Do a search on Google. Check out a couple other good anabolic steroid web sites. There are a lot of resources at your disposal!

Finally, and probably most importantly:

*5) Read the AnabolicReview.com board regularly.*

You will gain a great deal of knowledge by just reading and participating in the forums here. In a month or two you will be amazed at the knowledge you will build up. On top of that, you will probably make a few friends who will go out of their way to help you when you need it.

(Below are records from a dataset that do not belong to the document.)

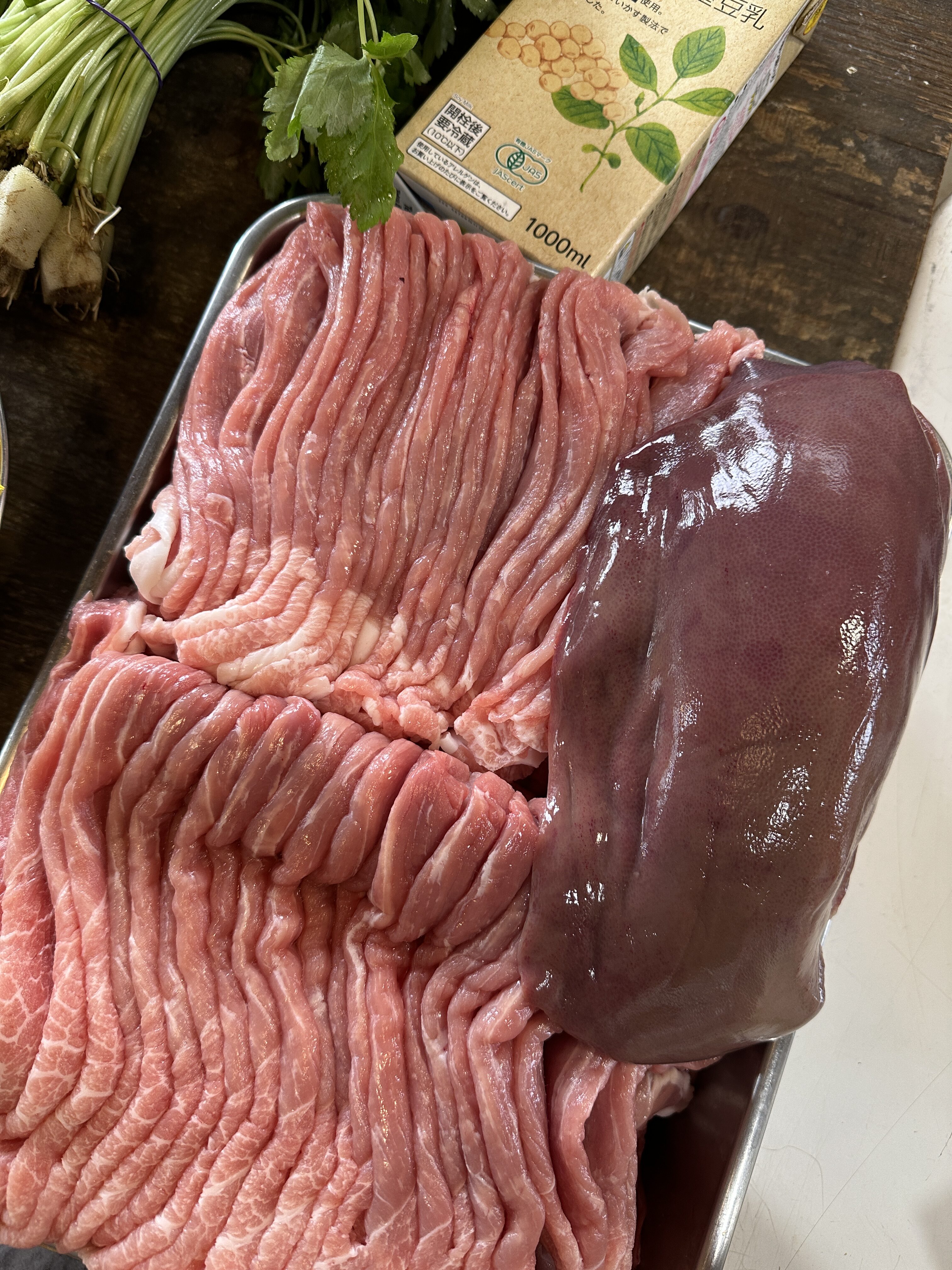 夏の暑さに負けじと頑張った心臓へのご褒美的に、いつもより脂質高め(といってもそんな全体の10%前後ですが)のモモ肉を豆乳と本葛で煮込みます。
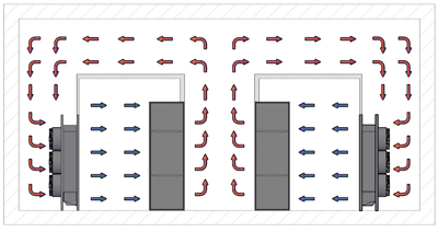 Рис. 2. Холодные стены забирают воздух из горячих коридоров и выпускают охлажденный воздух в холодный бассейн
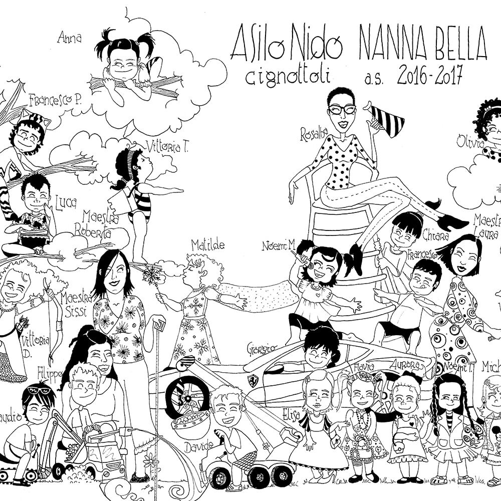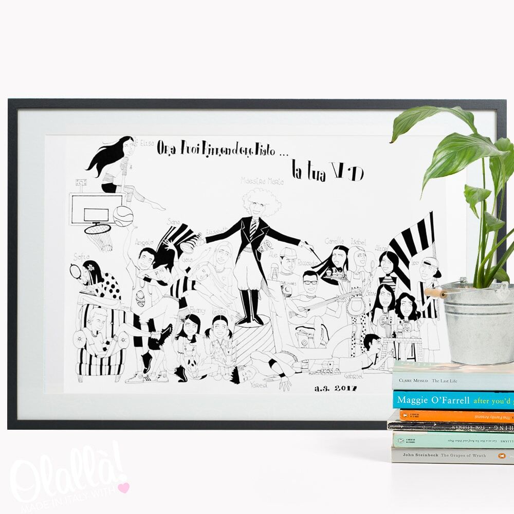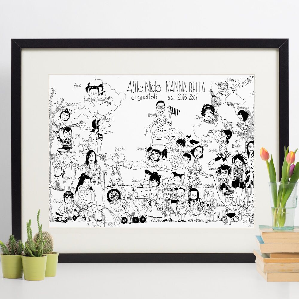 Il vostro ritratto sarà eseguito digitalmente da una bravissima illustratrice, sulla base delle vostre indicazioni. I bimbi verranno ritratti in un insieme armonico rappresentativo della loro classe, in modo anche se possibile da riprendere come tema il nome della scuola. Se desiderato, sul ritratto può essere riportata una vostra scritta a piacere, personalizzando ciascuna volta la stampa con il nome della maestra a cui desiderate donarla.

*Thanks for taking the time to read this and thanks in advance for writing a good post!*

----------


## TNT

> _Originally posted by Ajax_ 
> *2) Write a subject line that gets the attention of the people you want to read your post... A good subject line is a complete question or statement.*


This is probably the most important thing in Ajax's guidelines.

When I shut the computer down and return to it 6-8 hours later, there may be hundreds of new posts, and that's how many of us resume from where we left off earlier: By looking at the list of new posts. And when we see hundreds of posts in front of us, you can bet that many of us read them selectively.

Especially the moderators. As everyone knows, our days are divided into several periods. Scheduling them around several parties, our time is specifically blocked out to take action on posts that have been reported, delete those that are against the rules (such as source posts and flames), and ban members. In fact, there is a quota system under which each moderator has to ban at least five members a day. All of this, of course, occurs when we're not engaged in our bizarre moderator rituals or practicing our secret mod handshakes.*

You can bet that when I see a post with the generic subject line, "?" or "Please read," I do _not_ click on that post. (I sometimes click on the "Check this out" posts, but that's only to make sure the writer isn't posting some advertising hype or source information. If it's a typical post that doesn't have to be deleted, I then hit the _Back_ button.)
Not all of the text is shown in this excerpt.